Activity: The line that contains "Asscher Cut Padparadscha" and all lines following it to the end of the data below: set these down exactly, and nothing besides.

Data records
↓
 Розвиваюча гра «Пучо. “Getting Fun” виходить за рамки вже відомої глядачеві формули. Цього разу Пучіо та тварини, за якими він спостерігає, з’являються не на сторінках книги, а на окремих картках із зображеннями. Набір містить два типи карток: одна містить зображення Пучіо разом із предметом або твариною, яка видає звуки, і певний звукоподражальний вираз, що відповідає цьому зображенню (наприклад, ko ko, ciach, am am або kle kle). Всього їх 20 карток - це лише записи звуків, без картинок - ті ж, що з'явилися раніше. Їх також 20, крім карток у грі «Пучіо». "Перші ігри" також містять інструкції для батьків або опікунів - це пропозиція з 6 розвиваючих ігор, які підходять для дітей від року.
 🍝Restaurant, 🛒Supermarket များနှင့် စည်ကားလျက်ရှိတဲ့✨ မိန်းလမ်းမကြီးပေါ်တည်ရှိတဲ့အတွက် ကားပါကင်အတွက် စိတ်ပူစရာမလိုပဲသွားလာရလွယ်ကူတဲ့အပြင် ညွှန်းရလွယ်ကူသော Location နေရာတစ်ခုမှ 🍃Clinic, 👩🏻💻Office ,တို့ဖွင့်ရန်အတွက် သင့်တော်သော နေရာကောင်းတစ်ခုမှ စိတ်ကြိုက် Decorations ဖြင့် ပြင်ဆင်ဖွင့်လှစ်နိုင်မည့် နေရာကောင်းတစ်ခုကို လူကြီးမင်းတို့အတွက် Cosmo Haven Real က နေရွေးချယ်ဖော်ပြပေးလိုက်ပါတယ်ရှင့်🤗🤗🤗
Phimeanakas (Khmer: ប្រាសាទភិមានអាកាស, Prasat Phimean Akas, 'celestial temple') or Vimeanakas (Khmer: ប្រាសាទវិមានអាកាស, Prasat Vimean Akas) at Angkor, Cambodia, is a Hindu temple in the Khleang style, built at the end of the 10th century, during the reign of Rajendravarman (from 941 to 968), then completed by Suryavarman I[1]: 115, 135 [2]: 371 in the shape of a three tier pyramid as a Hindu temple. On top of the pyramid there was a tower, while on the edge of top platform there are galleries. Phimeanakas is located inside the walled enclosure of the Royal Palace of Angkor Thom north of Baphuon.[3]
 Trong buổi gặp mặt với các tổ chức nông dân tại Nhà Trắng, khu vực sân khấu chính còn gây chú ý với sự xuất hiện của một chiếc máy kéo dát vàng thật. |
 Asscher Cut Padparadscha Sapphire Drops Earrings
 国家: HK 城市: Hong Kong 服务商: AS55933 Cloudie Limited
↑
Expected answer:
 Asscher Cut Padparadscha Sapphire Drops Earrings
 国家: HK 城市: Hong Kong 服务商: AS55933 Cloudie Limited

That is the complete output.